На холм. К подножию обсерватории.
Но разбежавшись, они бросаются к пожарной лестнице и влезают на самую верхотуру, где перемахивают запертую калитку. Внешняя галерейка, сваренная из железных прутьев, обледенела, дрожит и ощущается непрочной. При каждом шаге прутья осыпают сосульки, наст и снег.
Под ними Парк культуры. За кронами деревьев в тумане тонут огни проспекта.
Там, на мосту имени Ли Харви Освальда, их, мирно идущих с последнего сеанса, только что остановил патрульный "воронок", резко свернувши перед ними на тротуар. "В кино? А что смотрели?" К счастью, в карманах сохранилось алиби - свернувшиеся в трубочку надорванные синие билеты на "Затмение".
Обыскивая, мусора даже приседали и обхлопывали икры над ботинками.
Но в материальном смысле Александр давно разоружился.
Он поднимает голову.
Слабенько помигивают звезды.
Моральный закон? Но никакого закона он внутри не ощущает, и это странно, потому что звезды, они все те же, что во времена...

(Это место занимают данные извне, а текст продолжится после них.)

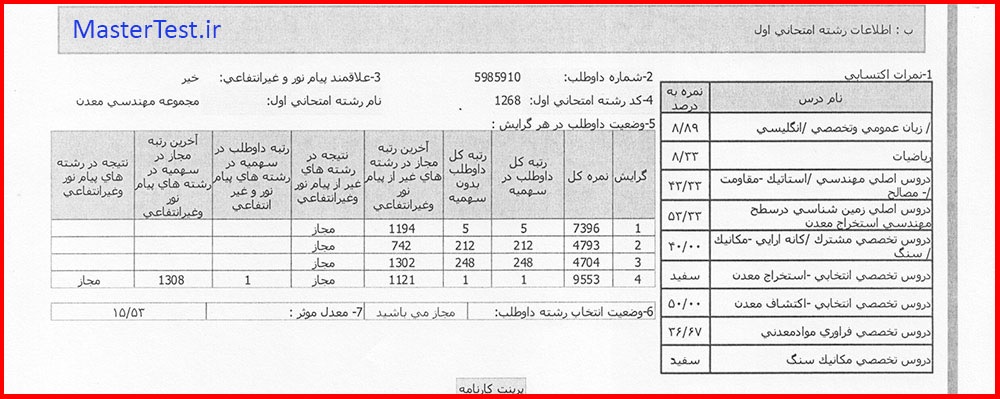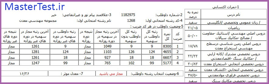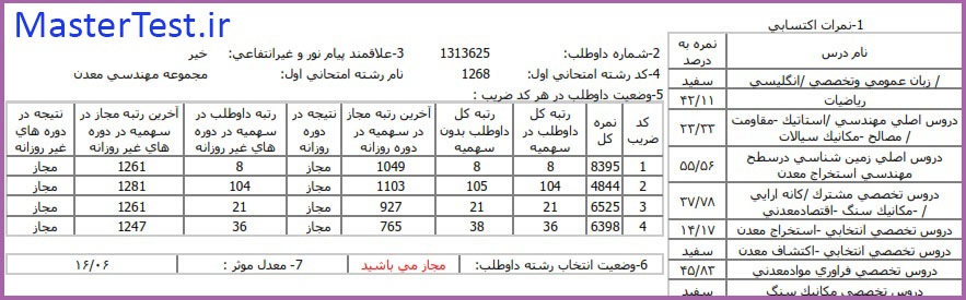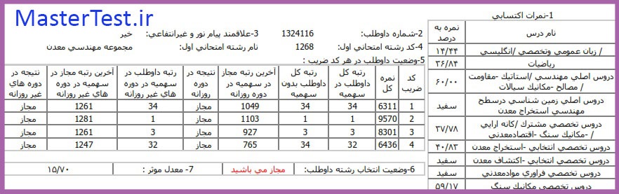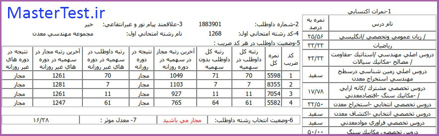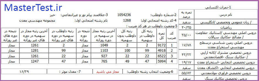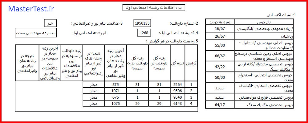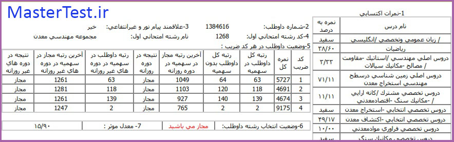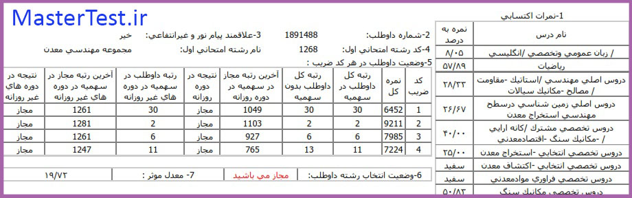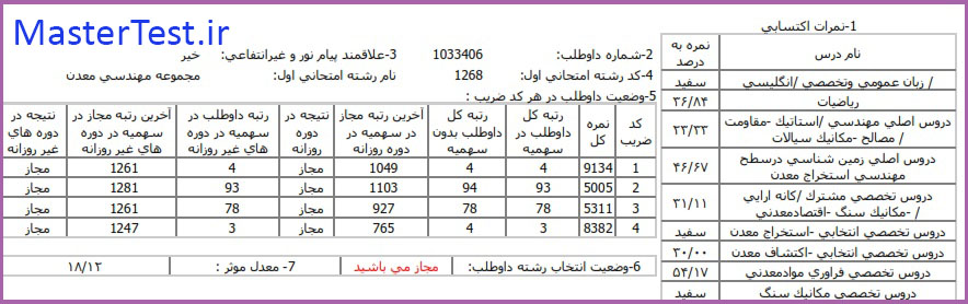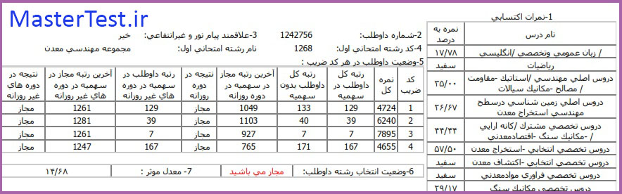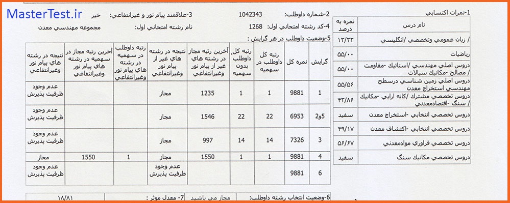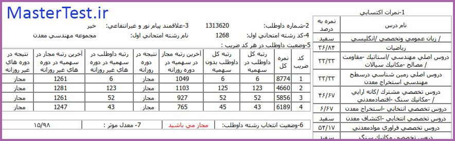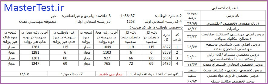 کارنامههای رتبههای برتر آزمون کارشناسی ارشد رشته مهندسی معدن جهت اطلاع کاربران عزیز تقدیم میگردد:

- В отличие от Канта, за которого ты пытаешься схватиться, как за соломинку, - говорит Адам, читая его мысли, - я лично всю жизнь дрочить не собираюсь. Тем более на звезды.
- А что ты предлагаешь?
- Что могу я предложить? Некоторым в этой жизни везет по-крупному. Вот наш старшой, на мастера идет. Я, правда, отошел сейчас от гоп-компании, но он доверяет мне по-прежнему. Его новая кадра, так она сама берет.
Предположение пугает Александра:
- Куда?
- А в ручки в девичьи. "Можно с ним поиграть?" - "Ну, поиграй..." Сам руки за голову и наблюдает. Можешь себе представить? Везет же людям!
- Старшому сколько?
- Ну, двадцать, - неохотно признает Адам.
- Четыре года разницы.
- Да. Световых!..
Привилегированные кварталы за парком выходят на Круглую площадь, она же Победы. Над крышами торчит сорокаметровый Обелиск, озаренный до своего орденоносного шпиля.

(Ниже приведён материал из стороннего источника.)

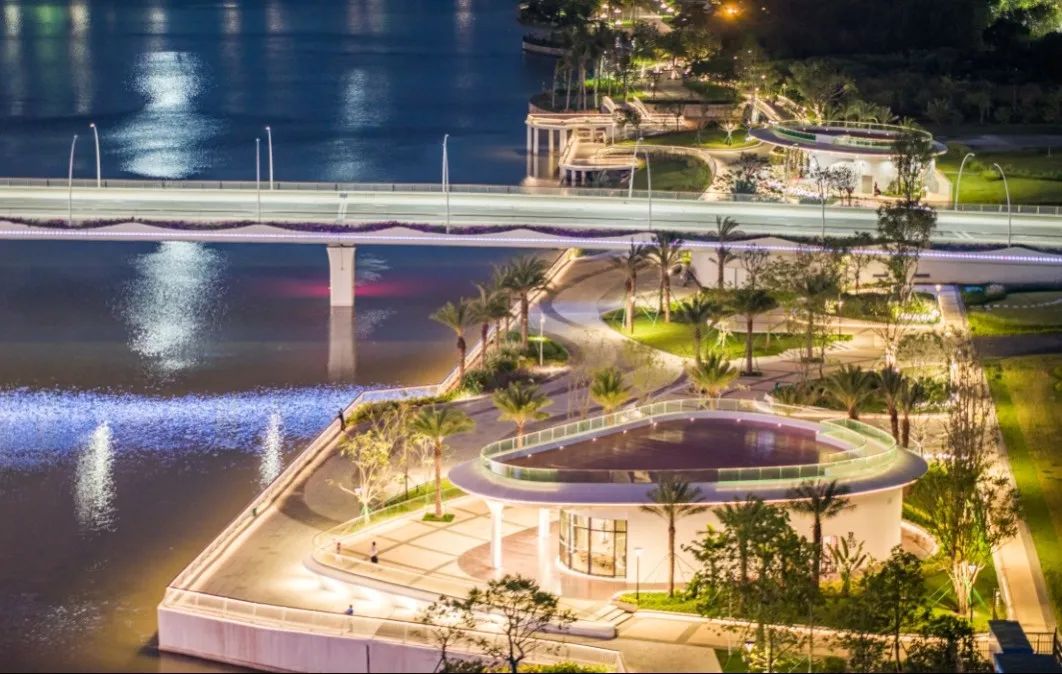 當(dāng)夜幕降臨,橫琴天沐琴臺(tái)絕美的夜景更加美輪美奐,震撼迷人,璀璨的燈光如同繁星般點(diǎn)綴在這把“古琴”之上,與周邊高樓大廈的霓虹燈共同組成一幅流動(dòng)畫(huà)卷。
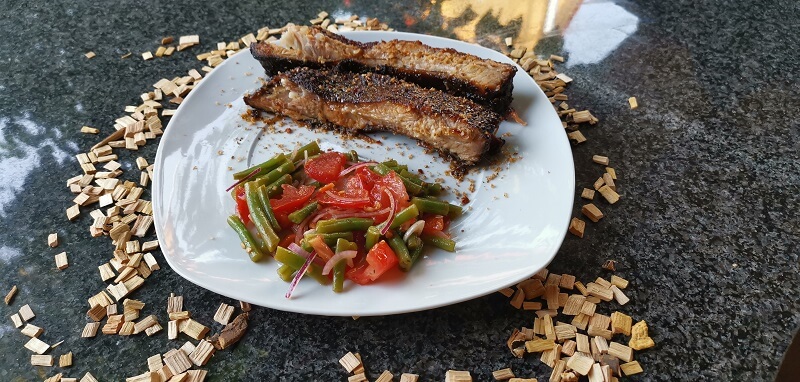 Zubereitung kaltgeräucherte Spareribs mit Bohnen-Tomaten-Salat:
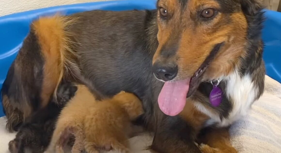 Sad Mama Dog Lost Her Litter, But The Kittens Introduced To Her Latch On
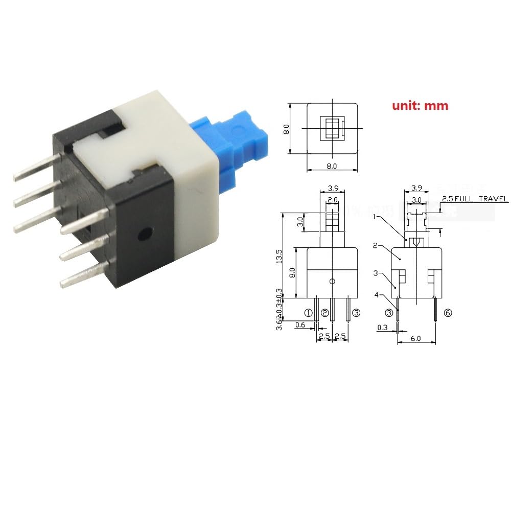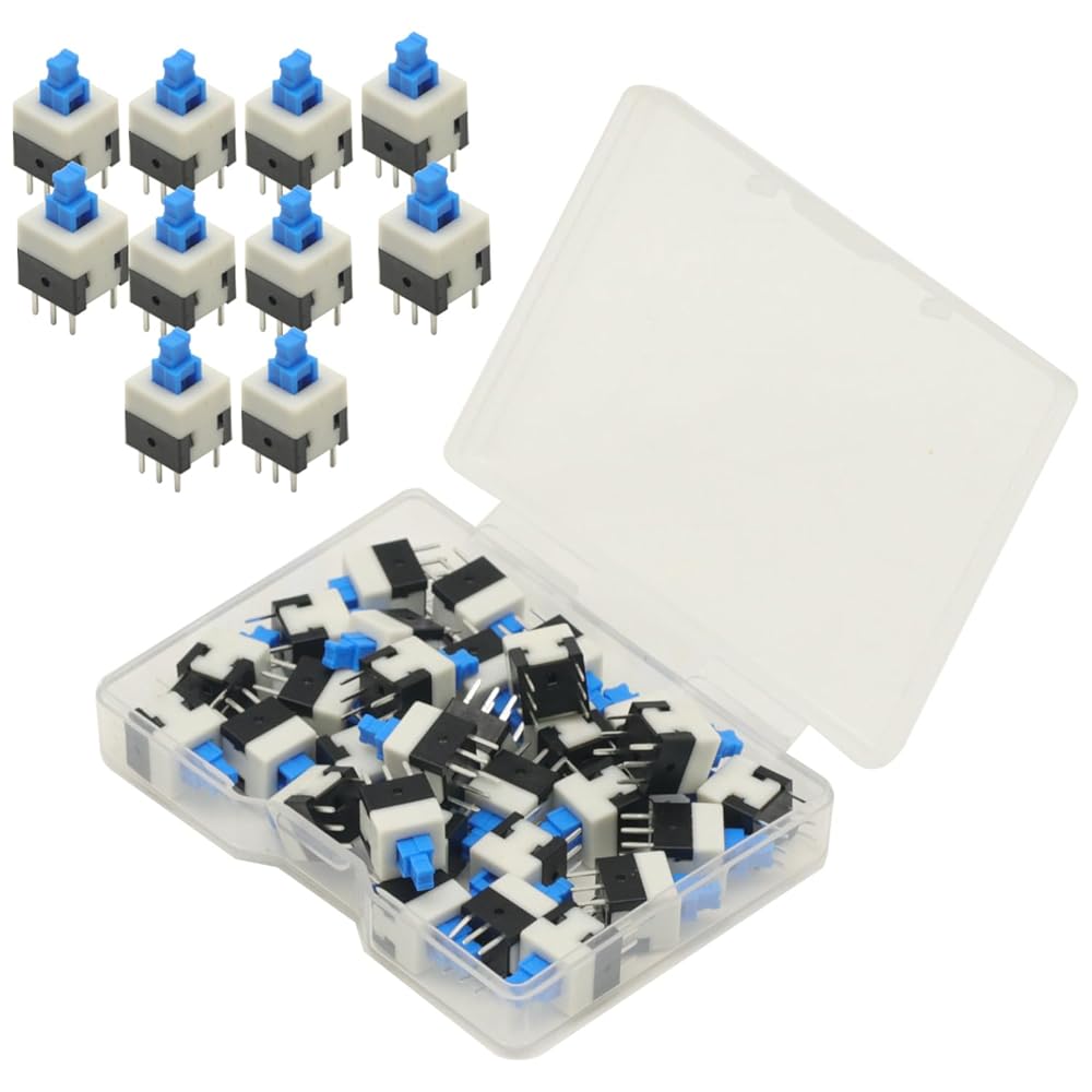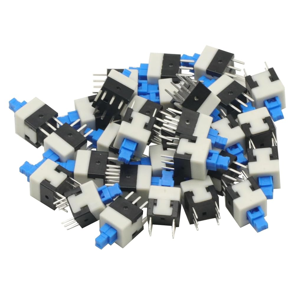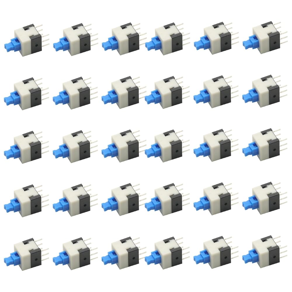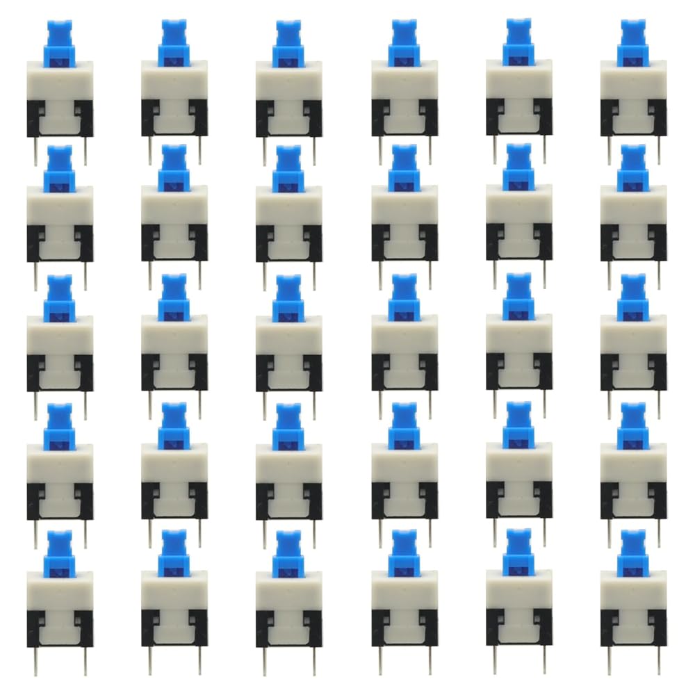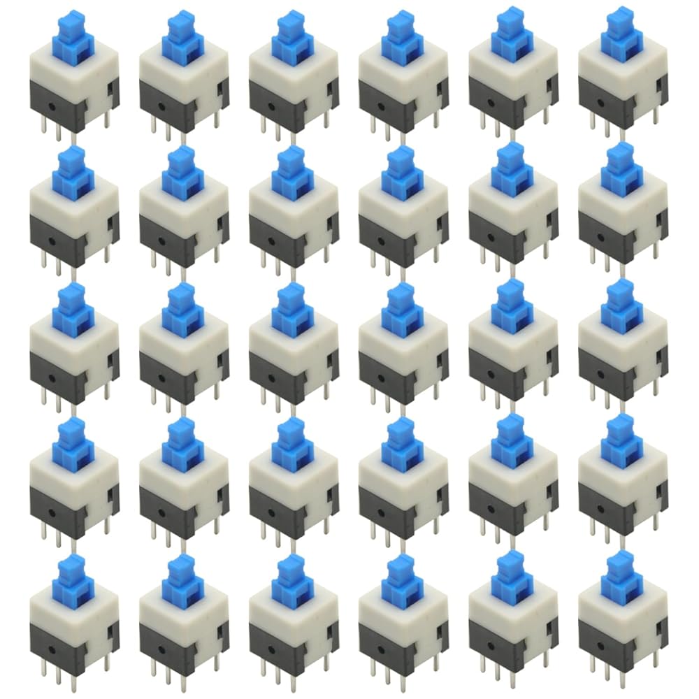 • 30pcs Micro Push Button Switch,8X8mm Blue Cap DPDT Self-locking Type Square Button Switch On/Off Latching Switch 8*8 8X8 mm 6Pin

Адам сообщает про "наше дело Профьюмо", когда бригада вешателей флагов увидела в окне на Круглой забаву под названием "ромашка" - знаешь? Игры взрослых людей. Ставят своих чувих локтями на круглый стол, где банк, и понеслась. Лежит себе во зле сей мир и ловит кайф. А мы?
- Любви мы ждем.
- Любви я не хочу. Живую дайте!
- Стратегия проста: попытки множить. Ходить на танцы.
- Уже сходили.
- Расширить радиус. Районные дома культуры, заводские. ДК камвольного. Там, говорят, элементарно.
- Нож под ребра тоже.
- Тогда по вузам. Университет. Пед. Мед. И все произойдет.
- Как, как произойдет?
- В том-то и дело, что предсказать нельзя. Я, например, однажды вышел к самой грани. Уже в одних трусах была. При обстоятельствах, которые до этого в кошмаре мне бы не приснились.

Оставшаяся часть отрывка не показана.